Given such a graph, tasks can be scheduled on multiple processors to solve the problem in
parallel. Unfortunately, there are many problems for which the task graph consists of only
one task, or multiple tasks that need to be executed sequentially. For such problems,
we need to split the overall computations into tasks that can be performed concurrently.
The process of splitting the computations in a problem into a set of concurrent tasks is
referred to as decomposition. A good decomposition should have the following steps.
It should lead to high degree of concurrency.
The interaction among tasks should be as little as possible.
Decomposing a problem effectively is of paramount importance in parallel computing. Without
a good decomposition, we may not be able to achieve to a high degree of concurrency, making
it impossible to really exploit parallelism and reduce the amount of time required in solving
a problem. These techniques are broadly classified as recursive decomposition,
data decomposition, exploratory decomposition, and speculative decomposition.
Data decomposition is a powerful method for deriving concurrency in algorithms that operate on
large data structures. In the first step, the data (or the domain) on which the
computations are performed is partitioned, and in the second step, this data partitioning
is used to induce a partitioning of the computational into tasks. These tasks generally
perform similar operations on different data elements. Hence, data decomposition often leads
to data level parallelism. The partitioning of data can be performed in three ways: Partitioning
Output Data, Partitioning Intermediate Data, and Partitioning Input data.
Load-balance :
Given a set of tasks and a set of processors there are many ways of performing this mapping.
In deciding which mapping is better we must focus on which one better achieves the following
two objectives.
-
The amount of computation assigned to each processor is balanced so that some processor does
not idle when others are executing tasks
-
The interactions among the different processors is minimized, so that the processors
spend most of the time in doing work that is essential for solving the problem even
on serial
computers.
Load balancing algorithms can be classified into two categories. Static and dynamic
load balancing. Static load balancing techniques distributes the work among processors prior
to execution of the algorithm. Dynamic load balancing techniques distribute the work among
processors during the execution of the algorithm. Algorithms that can be load-balanced
statically are in general easier to design and program. On the other hand algorithms that
require dynamic load balancing are somewhat more complicated. However, there are problems
in which we cannot statically partition the work among the processors.

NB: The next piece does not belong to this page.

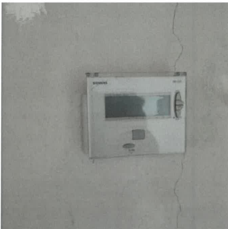
Vista particolare gruppo termostato ambiente interno al fabbricato di civile abitazione

There are three general classes of problems that fall into this category. The first class
consists of problems in which all the tasks are available at the beginning of the computation,
but the amount of time required by each task is different and cannot be determined easily.
The second class consists of problems in which tasks are available at the beginning but as
the computation progresses, the amount of time required by each task changes. The third class
consists of problems in which tasks are generated dynamically. In these class of problems,
a static work partitioning is either impossible (e.g. first class) or can potentially lead to
serious load imbalance problems (e.g. second and third classes). The only way to develop
efficient parallel programs for these classes of problems is if we allow dynamic load balancing.
That is during execution of the program, work is dynamically transferred among the processors
that have a little work or no work.
Overheads : (Idling Overheads & Data sharing Overheads)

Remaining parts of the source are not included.